> **TASK DESCRIPTION**
The full set of entries is to be returned word for word.

> **GIVEN RECORDS**

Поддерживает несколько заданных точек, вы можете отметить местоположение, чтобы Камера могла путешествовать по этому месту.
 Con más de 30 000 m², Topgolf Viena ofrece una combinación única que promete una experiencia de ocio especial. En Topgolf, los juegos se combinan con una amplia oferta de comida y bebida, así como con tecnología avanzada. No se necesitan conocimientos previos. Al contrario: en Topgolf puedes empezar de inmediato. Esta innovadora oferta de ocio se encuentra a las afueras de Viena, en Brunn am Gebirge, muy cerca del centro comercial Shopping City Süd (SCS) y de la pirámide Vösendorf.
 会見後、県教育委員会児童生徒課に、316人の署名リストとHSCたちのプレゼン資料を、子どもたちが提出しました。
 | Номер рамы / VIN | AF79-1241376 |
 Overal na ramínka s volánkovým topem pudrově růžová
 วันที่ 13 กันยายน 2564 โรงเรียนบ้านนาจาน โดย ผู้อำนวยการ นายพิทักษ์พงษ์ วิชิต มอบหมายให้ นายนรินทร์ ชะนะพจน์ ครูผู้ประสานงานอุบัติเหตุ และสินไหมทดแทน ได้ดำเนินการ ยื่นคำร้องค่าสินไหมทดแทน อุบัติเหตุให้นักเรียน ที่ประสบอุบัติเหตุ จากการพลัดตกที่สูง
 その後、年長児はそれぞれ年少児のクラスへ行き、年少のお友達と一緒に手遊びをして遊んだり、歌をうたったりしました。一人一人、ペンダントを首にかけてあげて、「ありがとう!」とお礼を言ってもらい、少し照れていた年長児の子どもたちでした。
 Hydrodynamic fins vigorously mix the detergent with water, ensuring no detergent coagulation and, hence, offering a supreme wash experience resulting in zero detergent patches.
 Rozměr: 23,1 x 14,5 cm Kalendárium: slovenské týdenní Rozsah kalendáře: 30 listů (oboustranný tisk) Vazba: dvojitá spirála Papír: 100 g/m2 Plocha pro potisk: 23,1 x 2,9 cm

> **RESPONSE FOR THIS EXERCISE**
Поддерживает несколько заданных точек, вы можете отметить местоположение, чтобы Камера могла путешествовать по этому месту.
 Con más de 30 000 m², Topgolf Viena ofrece una combinación única que promete una experiencia de ocio especial. En Topgolf, los juegos se combinan con una amplia oferta de comida y bebida, así como con tecnología avanzada. No se necesitan conocimientos previos. Al contrario: en Topgolf puedes empezar de inmediato. Esta innovadora oferta de ocio se encuentra a las afueras de Viena, en Brunn am Gebirge, muy cerca del centro comercial Shopping City Süd (SCS) y de la pirámide Vösendorf.
 会見後、県教育委員会児童生徒課に、316人の署名リストとHSCたちのプレゼン資料を、子どもたちが提出しました。
 | Номер рамы / VIN | AF79-1241376 |
 Overal na ramínka s volánkovým topem pudrově růžová
 วันที่ 13 กันยายน 2564 โรงเรียนบ้านนาจาน โดย ผู้อำนวยการ นายพิทักษ์พงษ์ วิชิต มอบหมายให้ นายนรินทร์ ชะนะพจน์ ครูผู้ประสานงานอุบัติเหตุ และสินไหมทดแทน ได้ดำเนินการ ยื่นคำร้องค่าสินไหมทดแทน อุบัติเหตุให้นักเรียน ที่ประสบอุบัติเหตุ จากการพลัดตกที่สูง
 その後、年長児はそれぞれ年少児のクラスへ行き、年少のお友達と一緒に手遊びをして遊んだり、歌をうたったりしました。一人一人、ペンダントを首にかけてあげて、「ありがとう!」とお礼を言ってもらい、少し照れていた年長児の子どもたちでした。
 Hydrodynamic fins vigorously mix the detergent with water, ensuring no detergent coagulation and, hence, offering a supreme wash experience resulting in zero detergent patches.
 Rozměr: 23,1 x 14,5 cm Kalendárium: slovenské týdenní Rozsah kalendáře: 30 listů (oboustranný tisk) Vazba: dvojitá spirála Papír: 100 g/m2 Plocha pro potisk: 23,1 x 2,9 cm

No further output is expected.